As a journalist from a major business magazine told me after an interview, when we started talking about her own startup Web site, “I thought that’s what I was paying for, for them to get me links, and now it turns out I’m paying them to tell me where to get links from. I could have figured that out for a lot less than $800 a month!”
So, before you sign up to spend your hard-earned money, make sure you understand what your prospective firm is going to expect you to do.
Look at Samples
Before you start, make sure you see examples of the firm’s work. If you are (against my best advice) hiring a firm to do on-page work, take a look at sites it has done. What did it do? Did it do it well? Are the title and description tags good? Are the URLs well keyworded? Do the pages use H1 tags, have good keywords scattered throughout, and so on? (After you’ve taken a look, you’ll probably agree that I’m right and not hire a firm for on-page optimization.)
If you’re using a firm to create links, do a link analysis on sites it has worked for in the past, using one of the tools I discuss in SEO for Dummies (my favorite is Majestic.com). See what sort of links it’s creating and how many. Are they good links? That is, well keyworded, follow (not nofollow) links, ideally from sites with some PageRank (although, as explained SEO for Dummies, that’s not essential for all the links). Are the sites the links come from indexed in Google? Is there a range of different types of links?

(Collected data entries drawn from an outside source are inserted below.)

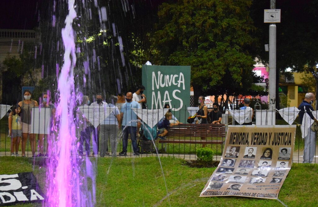 “Hoy nos reunimos de nuevo en nuestra plaza, respetando los protocolos de prevención; pero con la misma fortaleza y sentimiento de siempre”, señaló José Salazar, de HIJOS Concordia. “Porque el reclamo de Memoria, Verdad y Justicia sigue vigente y se fortalece aún más con el paso del tiempo. Es una lucha que nunca vamos a abandonar”, agregó.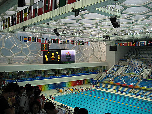 水立方內一條參賽者通道, 相右手面是比賽場館, 左手面是練習池...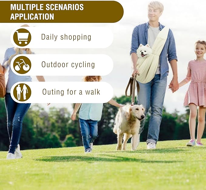 Dog Carrier Sling - Extra Wide Padded Shoulder Straps, Adjustable Hands-Free Small Dog Camier, Ergonomic Design for Travel and Daily Walks, for Small Dogs and Cats 12 lbs, (Buff)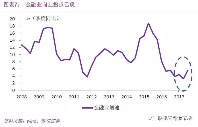 金融业中一些积极的因素正在增多,金融业的拐点已现。2017年三季度金融业产值同比增长5.6%,比二季度上升2.4个百分点,相当于多拉动了0.2个百分点的GDP,抵消了三季度房地产的下滑。
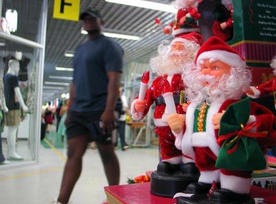 11日,在南非约翰内斯堡的东方商城,购物者走过产自浙江义乌的圣诞老人玩偶。南非的圣诞礼品市场现已进入最红火的销售阶段,中国制造的圣诞礼品因为物美价廉、品种多样而受到当地消费者欢迎。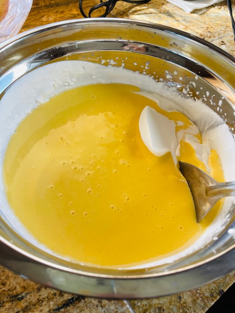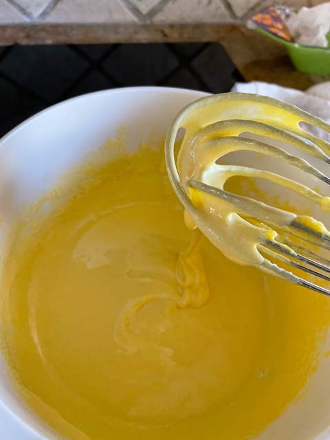 4. Remove the bowl from the heat and continue to whip the mix to help it cool. The mixture will have a thick consistency with a lemon yellow color. Keep aside and allow it to cool.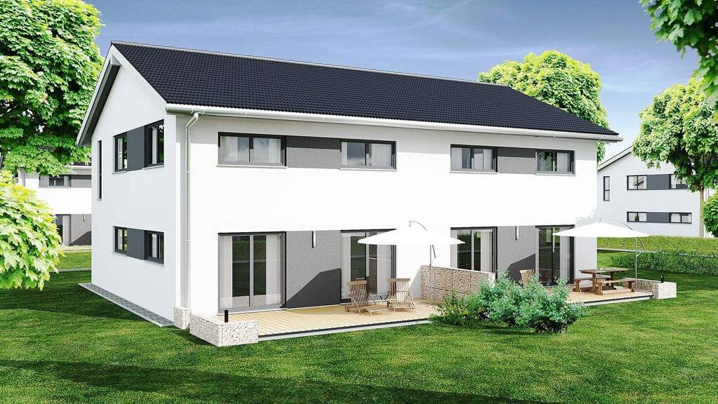 Klassiker mit Charme und klarer Linie. Wer den modernen Stil liebt, wird sich hier verlieben. Das 1½-geschossige Satteldachhaus vereint zeitlose Architektur mit moderner Wohnfunktion. Im Erdgeschoss öffnet sich der großzügige Wohn-/Essbereich mit angrenzender Küche und direktem Zugang zur Terrasse. Eine durchdachte Diele mit Garderobe, Gäste-WC und Hauswirtschaftsraum ergänzt das Ensemble. Im Obergeschoss bieten das Elternschlafzimmer mit Ankleide, zwei Kinderzimmer / Büro und ein helles Familienbad reichlich Platz für gemeinsames Leben und persönliche Rückzugsorte. Besonderheiten: • lichtdurchfluteter Wohnbereich mit bodentiefen Fenstern • optional integrierbare Eckverglasung oder Galerie • perfekt für 2-4 Personen • optional auch mit Carport oder Erker erhältlich Dachform: klassisches Satteldach Wohnfläche: ca. 120 m² Geschosse: 1½ Der Angebotspreis ist inklusive Grundstück und bezieht sich auf ein FischerHaus in der Ausbaustufe 2 = Technikfertig -Inkl. Festpreisgarantie -Inkl. Effizienzhaus 40 gemäß GEG -Inkl. individueller Grundriss – und Hausgestaltung -Inkl. Luft-Wasser-Wärmepumpe mit Fußbodenheizung -Inkl. Elektroinstallation -Inkl. Sanitärinstallation -Inkl. hochwertige Haustüre und Fenster von Kneer-Süd Fenster -Inkl. Baubegleitung Optional bieten wir dir selbstverständlich das Haus auch in der Ausbaustufe 1 = Rohbaufertig oder in der Ausbaustufe 3 = schlüsselfertig inklusiven Möbel – und Küchenkonzept an.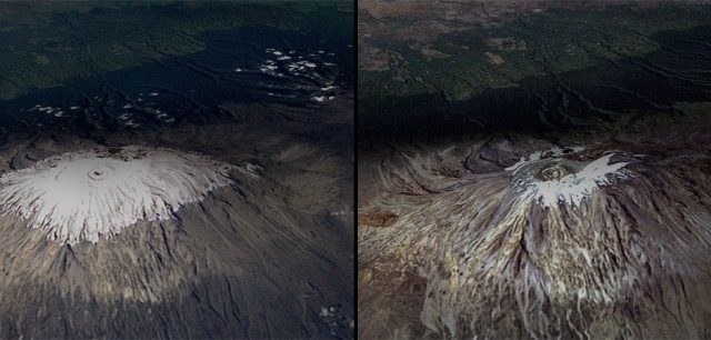 КИЛИМАНДЖАРО — ВЫСОЧАЙШАЯ ГОРНАЯ ВЕРШИНА АФРИКИ — В ФЕВРАЛЕ 1993 И 2000 ГОДОВ. На снимке видно, насколько «съежилась» ее ледяная шапка.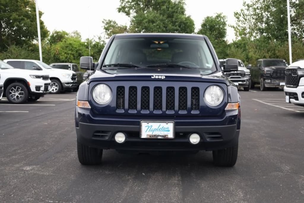 This Patriot is well equipped with Quick Order Package 24G High Altitude Ed. (Retail) (Power 6-Way Driver Seat, Power Express Open/Close Sunroof, and Remote Start System), 17" x 6.5" Aluminum Wheels, 4 Speakers, 4.12 Axle Ratio, ABS brakes, Air Conditioning, Alloy wheels, AM/FM radio, Anti-whiplash front head restraints, Audio Jack Input for Mobile Devices, Brake assist, Bumpers: body-color, CD player, Driver door bin, Driver vanity mirror, Dual front impact airbags, Dual front side impact airbags, Electronic Stability Control, Four wheel independent suspension, Front anti-roll bar, Front Bucket Seats, Front Center Armrest w/Storage, Front fog lights, Front reading lights, Heated door mirrors, Heated front seats, Illuminated entry, Low tire pressure warning, MP3 decoder, Occupant sensing airbag, Outside temperature display, Overhead airbag, Panic alarm, Passenger door bin, Passenger vanity mirror, Power door mirrors, Power steering, Power windows, Premium Cloth Bucket Seats, Radio: Uconnect 130 AM/FM/CD/MP3, Rear anti-roll bar, Rear window defroster, Rear window wiper, Remote keyless entry, Roof rack: rails only, Speed control, Split folding rear seat, Steering wheel mounted audio controls, Tachometer, Tilt steering wheel, Traction control, and Variably intermittent wipers.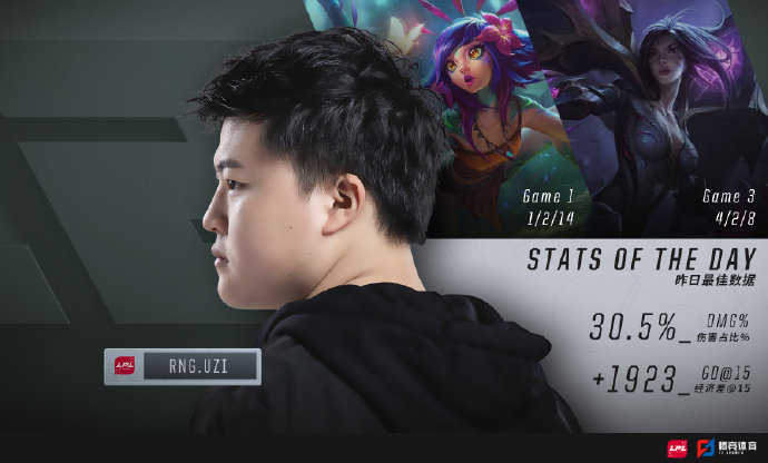 昨日LPL最佳数据:Uzi展现核心carry实力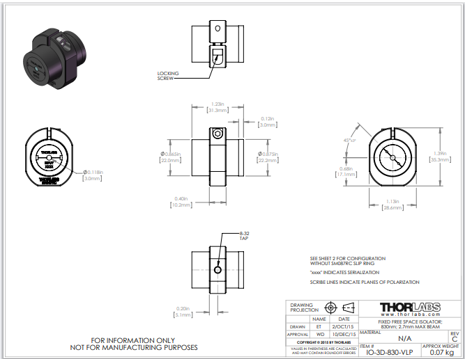 Thorlabs索雷博 IO-3D-830-VLP - 自由空间隔离器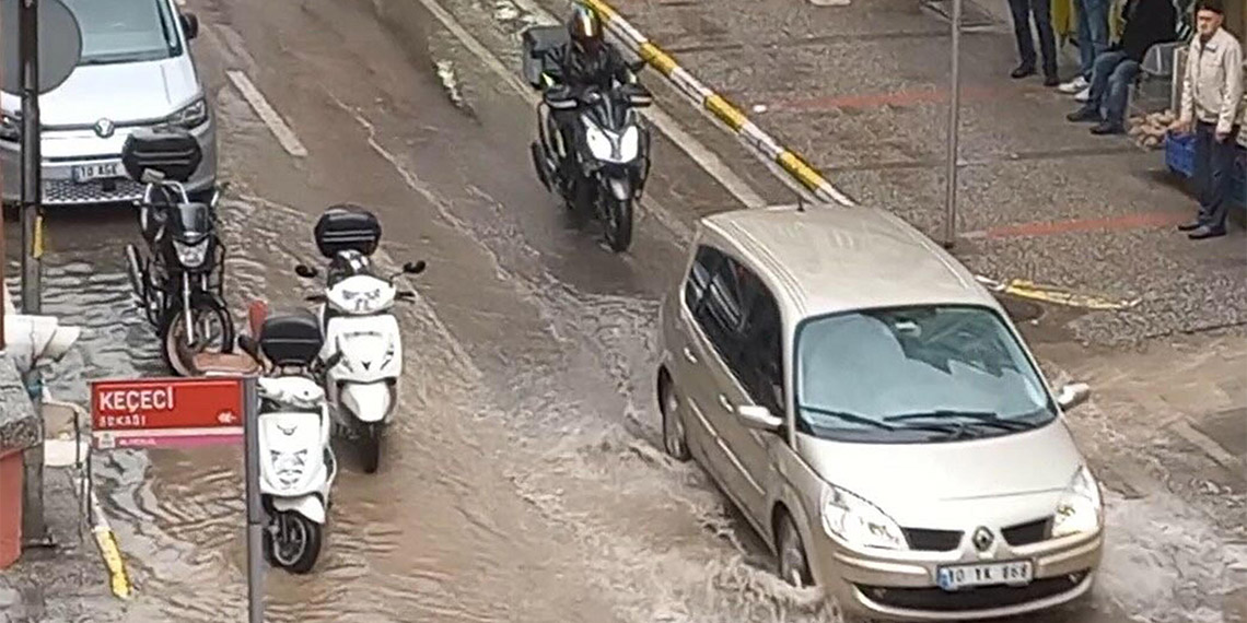 Balıkesir’de 15 dakikalık sağanak, yolları göle çevirdi
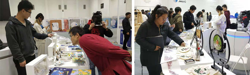 在为期3天的展会中,学院参展的作品包括数字文化国际标准群项目、《诗经》艺术的数字化传播项目、动漫衍生品、虚拟现实漫游系统、虚拟现实游戏、全景图游览等,展品内容丰富、特色突出,观展群众络绎不绝。工业和信息化部产业政策司产业发展处处长杨东伟参观了学院的展品,对传统文化与动漫衍生品结合的教育成果表示赞许,也提出了宝贵建议。同时,新华网对高校展区的报道中特拟题为“满满书香气的高校展区”,对学院展品进行了专访,向大众传播了当代大学生的创意设计作品。

Whatever you do, do not hire the firm until you’ve seen, and evaluated, what it can do for you.
Ask for References
You should also ask for references or simply call the owners of sites you know the SEO firm has worked for and ask them how their experience was. Did their site’s rank improve in the search engines? Did the firm do what it said it would?
SEO work can be expensive, so a little time spent checking references can save you a lot of money.

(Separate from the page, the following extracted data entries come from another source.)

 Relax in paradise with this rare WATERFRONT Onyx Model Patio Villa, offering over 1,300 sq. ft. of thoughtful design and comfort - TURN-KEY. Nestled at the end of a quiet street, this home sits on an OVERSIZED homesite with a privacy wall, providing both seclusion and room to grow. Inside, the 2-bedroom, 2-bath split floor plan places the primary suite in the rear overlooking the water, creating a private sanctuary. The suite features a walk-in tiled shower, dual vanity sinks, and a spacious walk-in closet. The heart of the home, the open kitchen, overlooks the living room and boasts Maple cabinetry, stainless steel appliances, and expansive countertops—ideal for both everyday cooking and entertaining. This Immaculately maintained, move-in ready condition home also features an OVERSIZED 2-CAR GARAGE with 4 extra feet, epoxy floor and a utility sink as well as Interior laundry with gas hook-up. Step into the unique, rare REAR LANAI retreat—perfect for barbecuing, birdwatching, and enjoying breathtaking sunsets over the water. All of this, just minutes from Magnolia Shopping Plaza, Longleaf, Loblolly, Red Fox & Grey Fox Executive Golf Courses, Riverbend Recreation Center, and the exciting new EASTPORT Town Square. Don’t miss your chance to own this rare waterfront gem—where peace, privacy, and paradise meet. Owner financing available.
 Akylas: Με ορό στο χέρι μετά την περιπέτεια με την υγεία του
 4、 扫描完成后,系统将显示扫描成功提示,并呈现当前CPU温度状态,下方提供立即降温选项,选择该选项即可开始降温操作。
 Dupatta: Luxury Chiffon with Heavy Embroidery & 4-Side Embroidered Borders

Will the Firm Provide Reports?
Make sure you’ll get reports; ask to see an example and make sure the reports provide useful information that you can understand. Many millions of dollars have been spent on SEO without the clients knowing what they are getting in return. (I call this faith-based SEO.)
It’s an old management adage that you can’t manage what you don’t measure. If you don’t get reports, you’re not measuring, you’re not managing — and you’re quite possibly being scammed.
Compare Dollar for Dollar
After you understand what you are getting, services become easier to compare. For instance, consider the service I mentioned earlier: $2,700 for 25 to 30 links a month. I’m ignoring the value of the on-page work, because quite frankly, it was close to worthless. So the monthly price worked out to be $90 to $108 per link. Back in those days (this was a few years ago), it was often possible to get good keyworded links from sites with a PageRank of 2 to 4 for $3 to $6 per link, or low-value links (low PageRank links, for instance) for as little as 10 cents a link. This $2,700 per month service was providing pretty low-value links comparatively…it was way overpriced (and my client dropped it, in fact).

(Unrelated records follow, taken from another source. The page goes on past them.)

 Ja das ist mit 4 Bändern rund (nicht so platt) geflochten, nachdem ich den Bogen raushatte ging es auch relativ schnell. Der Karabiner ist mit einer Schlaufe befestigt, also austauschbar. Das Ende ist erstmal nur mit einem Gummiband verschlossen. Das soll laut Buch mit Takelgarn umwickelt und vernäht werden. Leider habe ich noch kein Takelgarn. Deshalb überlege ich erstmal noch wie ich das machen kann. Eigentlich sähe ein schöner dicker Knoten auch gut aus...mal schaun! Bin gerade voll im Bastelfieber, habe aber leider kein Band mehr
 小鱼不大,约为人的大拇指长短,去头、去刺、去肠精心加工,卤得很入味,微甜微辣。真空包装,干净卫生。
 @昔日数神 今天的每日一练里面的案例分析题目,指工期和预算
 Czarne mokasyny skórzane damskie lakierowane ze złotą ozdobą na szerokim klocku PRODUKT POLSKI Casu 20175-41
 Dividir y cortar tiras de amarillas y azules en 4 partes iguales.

You can’t compare firms until you understand what’s on offer, and as most clients don’t really understand what they are getting, I don’t understand how they make the final decision. I guess it’s whichever firm has the most persuasive sales person or the firm that hits the budget you’re comfortable with.
Please, don’t be one of these businesses that know they need SEO, that don’t really understand how SEO works, and thus get scammed. They are in the majority; you need to educate yourself so you can join the happy minority.